Continuous ASR (automatic speech recognition) is a feature that allows speech-to-text (STT) recognition to be tuned for the collection of things like phone numbers, customer identifiers, and other strings of digits or characters, which, when spoken, often have pauses between utterances.
Note: For Only Microsoft Microsoft Azure Introduces one ASR Property that works the same way as Continuous ASR, AzureSegmentationSilenceTimeout. Since Silence is detected by ASR Engine Directly Instead of Voice Gateway, detect and merge the response. AzureSegmentationSilenceTimeout is more accurate than continuous ASR. Learn more.
Note: Continuous ASR / AzureSegmentationSilenceTimeout is applied at the session level. Throughout the Call, it will be active, and the developer can adjust the value at different nodes based on the requirement.
continuousASRTimeoutInMS Number in millisecond  ALL This is a duration of silence, in seconds, to wait after a transcript is received from the STT vendor before returning the result. If another transcript is received before this timeout elapses, then the transcripts are combined and recognition continues. The combined transcripts are returned once a timeout between utterances exceeds this value Ex-5000 for  5 sec
continuousASRDigits Any digit  Ex- *,%,<,# ALL a DTMF key which, if entered, will also terminate the gather operation and immediately return the collected results continuousASRDigits : &

Barge-IN

The Barge-In feature controls Kore VG behavior in scenarios where the user starts speaking or dials DTMF digits while the bot is playing its response to the user.
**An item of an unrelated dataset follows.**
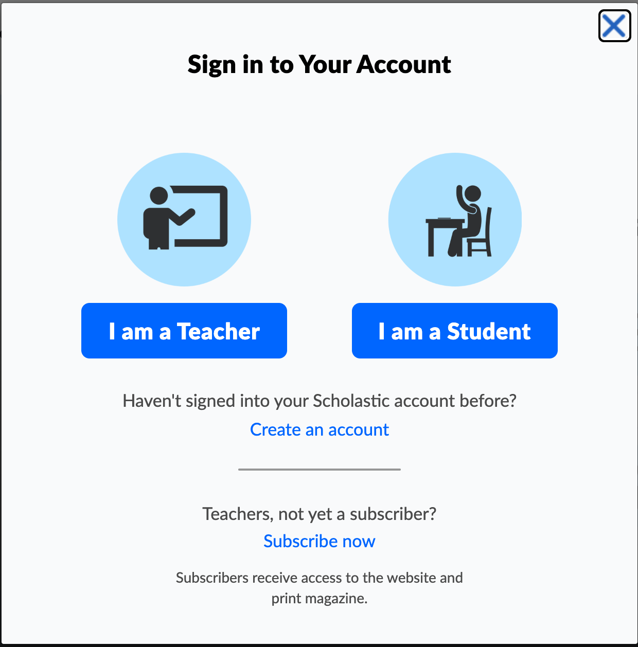 If you’ve connected your Google Classroom or Clever account with Scholastic, you can also click the Google Classroom or Clever buttons to sign in that way. (Click here to learn more about connecting your account with Learning Management Systems.)

In other words, the user interrupts ("barges-in") the bot.
Note: Barge-in Will be applied at the Node level.
listenDuringPrompt Boolean - True or false ALL If false, do not listen for user speech until the bot has finished playing its response to the user. Defaults to true Similar to Barge-in.
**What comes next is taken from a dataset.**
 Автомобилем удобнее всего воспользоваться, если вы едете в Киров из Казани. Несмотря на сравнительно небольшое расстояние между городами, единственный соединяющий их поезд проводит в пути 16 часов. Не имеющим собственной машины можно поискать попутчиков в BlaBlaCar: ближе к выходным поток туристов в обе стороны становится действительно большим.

bargeInMinWordCount Number ALL If barge-in is true, only kill speech when this many words are spoken. Defaults to 1.
bargeInOnDTMF Boolean ALL Press any key to enable DTMF, and kill audio playback if the caller enters DTMF then you can tell your utterance or speech.

Timeout related parameters

Note: All Timeout Parameters will be applied at the Node level.
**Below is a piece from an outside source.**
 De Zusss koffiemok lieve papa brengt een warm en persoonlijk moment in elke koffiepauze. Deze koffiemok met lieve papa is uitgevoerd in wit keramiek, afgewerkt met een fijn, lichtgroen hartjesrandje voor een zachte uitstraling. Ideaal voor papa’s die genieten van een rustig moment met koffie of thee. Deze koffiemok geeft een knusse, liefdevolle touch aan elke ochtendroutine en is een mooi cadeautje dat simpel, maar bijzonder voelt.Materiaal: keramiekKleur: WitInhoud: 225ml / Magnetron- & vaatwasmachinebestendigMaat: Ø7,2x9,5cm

userNoInputTimeoutMS Number in millisecond 1 sec - 1000 ALL Define the maximum wait time to receive user input If userNoInputTimeoutMS = 0 Kore VG will wait for an infinite time for User Input. Defines the maximum time (in milliseconds) that VoiceAI Connect waits for input from the user. userNoInputTimeoutMS = 20000
dtmfCollectInterDigitTimeoutMS Number - Time in milliseconds ALL Defines the timeout that Kore VG waits for the user to press another digit before it sends all the digits to the bot.
dtmfCollectSubmitDigit Number ALL Defines a special DTMF "submit" digit that when received from the user, KoreVg immediately sends all the collected digits to the bot (as a DTMF message), without waiting for the timeout to expire or for the maximum number of expected digits.
dtmfCollectMaxDigits Number ALL Maximum number of DTMF digits expected to gather Example If maxDigit = 5  So Bot will take only a maximum of 5 digits Input 1234567 bot takes only 12345.
dtmfCollectminDigits Number ALL Minimum number of DTMF digits expected to gather. Defaults to 1
dtmfCollectnumDigits Number ALL The exact number of DTMF digits is expected to be gathered.